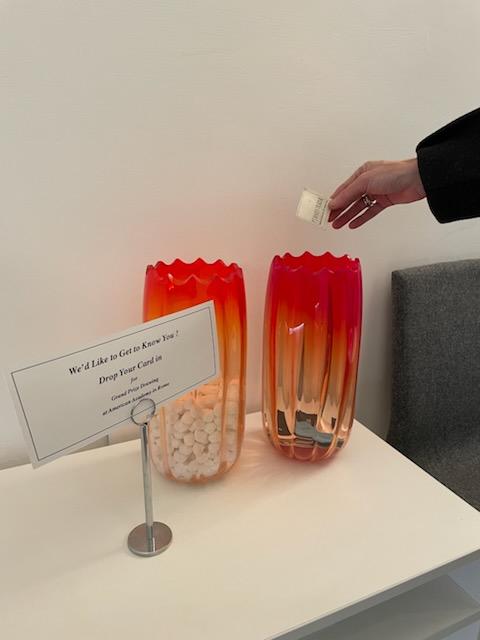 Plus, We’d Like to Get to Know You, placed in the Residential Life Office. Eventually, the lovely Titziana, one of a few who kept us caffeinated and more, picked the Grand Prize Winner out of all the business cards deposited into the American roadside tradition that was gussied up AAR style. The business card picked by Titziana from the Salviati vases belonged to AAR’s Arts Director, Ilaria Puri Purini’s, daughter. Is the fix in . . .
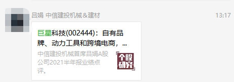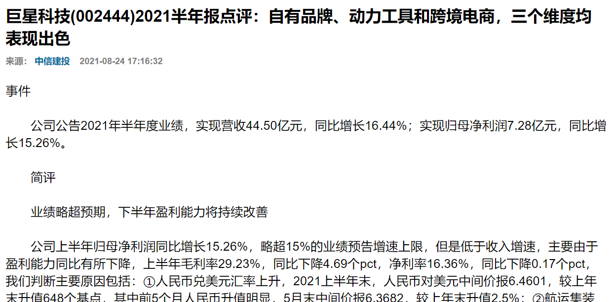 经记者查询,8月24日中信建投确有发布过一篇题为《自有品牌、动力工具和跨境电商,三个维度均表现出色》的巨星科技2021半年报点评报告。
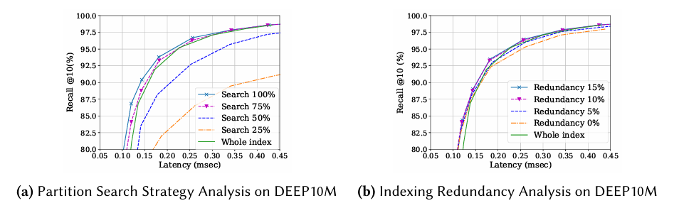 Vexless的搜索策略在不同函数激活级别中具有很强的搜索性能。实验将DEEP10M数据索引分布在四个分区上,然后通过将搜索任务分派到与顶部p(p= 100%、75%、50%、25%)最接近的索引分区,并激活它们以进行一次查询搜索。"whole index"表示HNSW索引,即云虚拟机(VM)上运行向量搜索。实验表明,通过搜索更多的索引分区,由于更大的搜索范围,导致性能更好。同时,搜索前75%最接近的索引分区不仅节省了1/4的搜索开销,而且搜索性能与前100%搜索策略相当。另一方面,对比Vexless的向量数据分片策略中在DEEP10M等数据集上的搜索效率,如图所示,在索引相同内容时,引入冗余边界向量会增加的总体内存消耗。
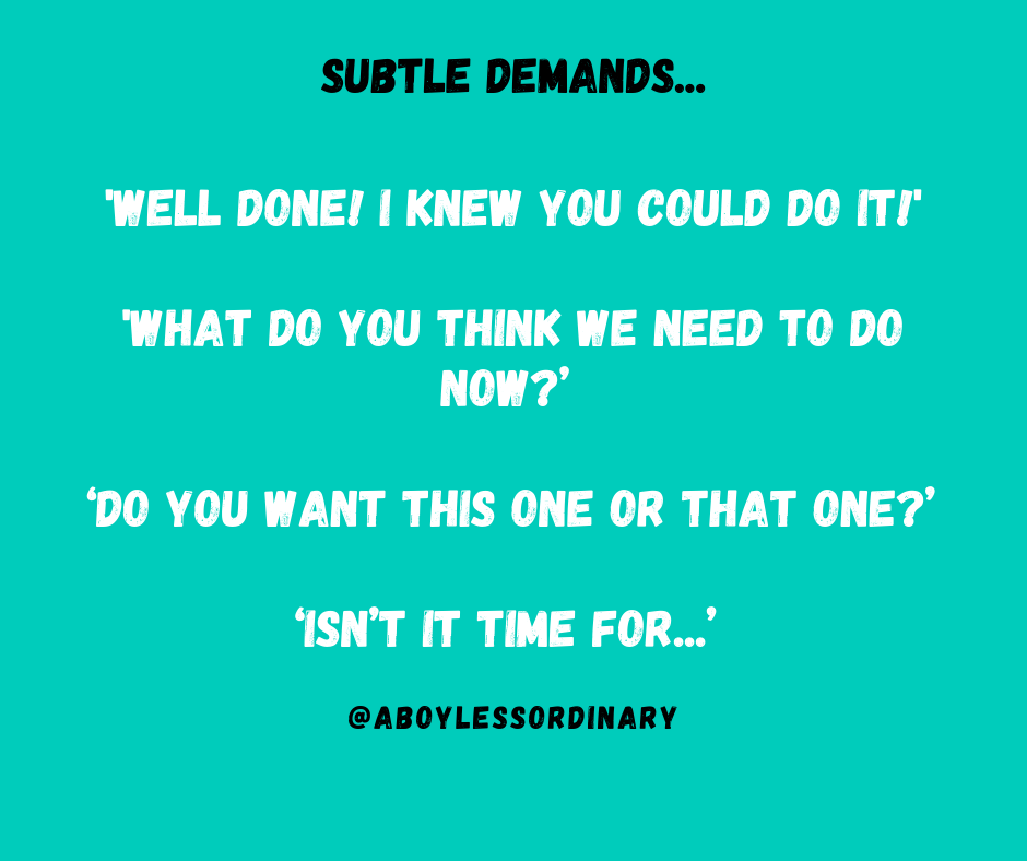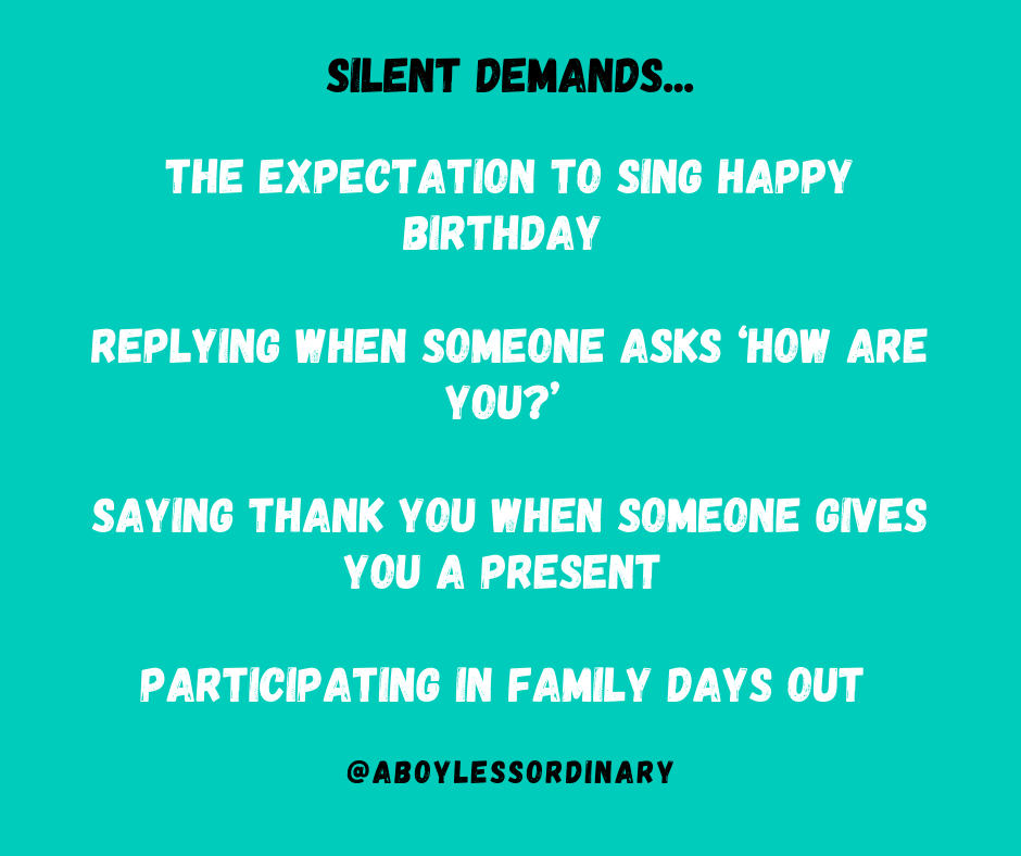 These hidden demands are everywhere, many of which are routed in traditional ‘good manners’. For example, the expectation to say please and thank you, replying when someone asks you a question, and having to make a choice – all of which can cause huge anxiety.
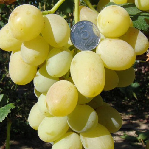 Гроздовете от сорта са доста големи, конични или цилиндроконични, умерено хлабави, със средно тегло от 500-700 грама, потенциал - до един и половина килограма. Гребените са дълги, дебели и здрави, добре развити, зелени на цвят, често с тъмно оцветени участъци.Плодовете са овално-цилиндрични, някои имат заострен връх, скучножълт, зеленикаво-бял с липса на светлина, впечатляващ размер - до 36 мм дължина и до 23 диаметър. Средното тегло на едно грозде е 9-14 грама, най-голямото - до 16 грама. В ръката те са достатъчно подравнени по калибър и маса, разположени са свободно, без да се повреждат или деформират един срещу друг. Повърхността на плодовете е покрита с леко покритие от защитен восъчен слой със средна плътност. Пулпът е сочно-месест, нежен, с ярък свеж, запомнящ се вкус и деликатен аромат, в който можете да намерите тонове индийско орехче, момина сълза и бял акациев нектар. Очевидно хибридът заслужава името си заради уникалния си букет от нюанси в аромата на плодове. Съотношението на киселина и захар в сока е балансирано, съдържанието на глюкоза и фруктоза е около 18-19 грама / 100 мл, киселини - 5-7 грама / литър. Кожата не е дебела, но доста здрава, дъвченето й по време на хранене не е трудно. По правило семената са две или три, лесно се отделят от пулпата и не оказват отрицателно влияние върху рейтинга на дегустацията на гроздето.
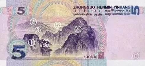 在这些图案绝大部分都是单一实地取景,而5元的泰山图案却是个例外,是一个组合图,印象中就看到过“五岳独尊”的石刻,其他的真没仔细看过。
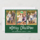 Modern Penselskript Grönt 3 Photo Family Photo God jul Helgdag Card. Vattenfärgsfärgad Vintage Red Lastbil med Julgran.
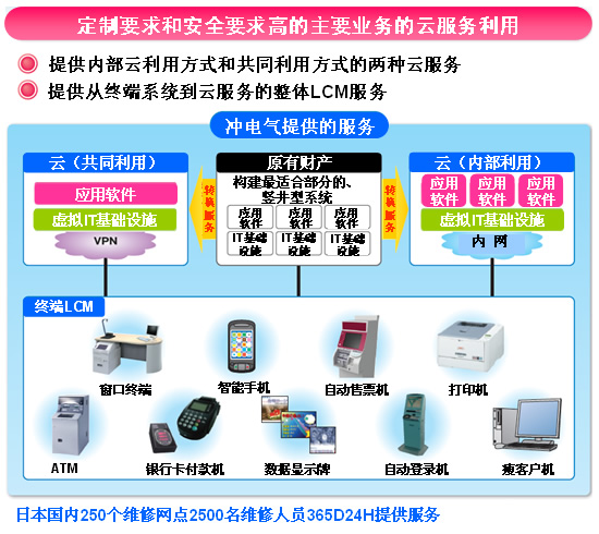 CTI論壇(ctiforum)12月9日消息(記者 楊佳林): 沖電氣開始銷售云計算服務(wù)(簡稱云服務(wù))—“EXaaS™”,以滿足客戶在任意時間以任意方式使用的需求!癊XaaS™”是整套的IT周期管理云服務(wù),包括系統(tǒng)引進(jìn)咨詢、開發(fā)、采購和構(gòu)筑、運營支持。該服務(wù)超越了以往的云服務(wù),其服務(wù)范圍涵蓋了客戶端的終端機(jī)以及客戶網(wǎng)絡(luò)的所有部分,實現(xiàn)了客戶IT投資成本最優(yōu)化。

* * * *

Task statement: With the images omitted, return the full material exactly.

Answer box:
 Plus, We’d Like to Get to Know You, placed in the Residential Life Office. Eventually, the lovely Titziana, one of a few who kept us caffeinated and more, picked the Grand Prize Winner out of all the business cards deposited into the American roadside tradition that was gussied up AAR style. The business card picked by Titziana from the Salviati vases belonged to AAR’s Arts Director, Ilaria Puri Purini’s, daughter. Is the fix in . . .
 经记者查询,8月24日中信建投确有发布过一篇题为《自有品牌、动力工具和跨境电商,三个维度均表现出色》的巨星科技2021半年报点评报告。
 Vexless的搜索策略在不同函数激活级别中具有很强的搜索性能。实验将DEEP10M数据索引分布在四个分区上,然后通过将搜索任务分派到与顶部p(p= 100%、75%、50%、25%)最接近的索引分区,并激活它们以进行一次查询搜索。"whole index"表示HNSW索引,即云虚拟机(VM)上运行向量搜索。实验表明,通过搜索更多的索引分区,由于更大的搜索范围,导致性能更好。同时,搜索前75%最接近的索引分区不仅节省了1/4的搜索开销,而且搜索性能与前100%搜索策略相当。另一方面,对比Vexless的向量数据分片策略中在DEEP10M等数据集上的搜索效率,如图所示,在索引相同内容时,引入冗余边界向量会增加的总体内存消耗。
 These hidden demands are everywhere, many of which are routed in traditional ‘good manners’. For example, the expectation to say please and thank you, replying when someone asks you a question, and having to make a choice – all of which can cause huge anxiety.
 Гроздовете от сорта са доста големи, конични или цилиндроконични, умерено хлабави, със средно тегло от 500-700 грама, потенциал - до един и половина килограма. Гребените са дълги, дебели и здрави, добре развити, зелени на цвят, често с тъмно оцветени участъци.Плодовете са овално-цилиндрични, някои имат заострен връх, скучножълт, зеленикаво-бял с липса на светлина, впечатляващ размер - до 36 мм дължина и до 23 диаметър. Средното тегло на едно грозде е 9-14 грама, най-голямото - до 16 грама. В ръката те са достатъчно подравнени по калибър и маса, разположени са свободно, без да се повреждат или деформират един срещу друг. Повърхността на плодовете е покрита с леко покритие от защитен восъчен слой със средна плътност. Пулпът е сочно-месест, нежен, с ярък свеж, запомнящ се вкус и деликатен аромат, в който можете да намерите тонове индийско орехче, момина сълза и бял акациев нектар. Очевидно хибридът заслужава името си заради уникалния си букет от нюанси в аромата на плодове. Съотношението на киселина и захар в сока е балансирано, съдържанието на глюкоза и фруктоза е около 18-19 грама / 100 мл, киселини - 5-7 грама / литър. Кожата не е дебела, но доста здрава, дъвченето й по време на хранене не е трудно. По правило семената са две или три, лесно се отделят от пулпата и не оказват отрицателно влияние върху рейтинга на дегустацията на гроздето.
 在这些图案绝大部分都是单一实地取景,而5元的泰山图案却是个例外,是一个组合图,印象中就看到过“五岳独尊”的石刻,其他的真没仔细看过。
 Modern Penselskript Grönt 3 Photo Family Photo God jul Helgdag Card. Vattenfärgsfärgad Vintage Red Lastbil med Julgran.
 CTI論壇(ctiforum)12月9日消息(記者 楊佳林): 沖電氣開始銷售云計算服務(wù)(簡稱云服務(wù))—“EXaaS™”,以滿足客戶在任意時間以任意方式使用的需求!癊XaaS™”是整套的IT周期管理云服務(wù),包括系統(tǒng)引進(jìn)咨詢、開發(fā)、采購和構(gòu)筑、運營支持。該服務(wù)超越了以往的云服務(wù),其服務(wù)范圍涵蓋了客戶端的終端機(jī)以及客戶網(wǎng)絡(luò)的所有部分,實現(xiàn)了客戶IT投資成本最優(yōu)化。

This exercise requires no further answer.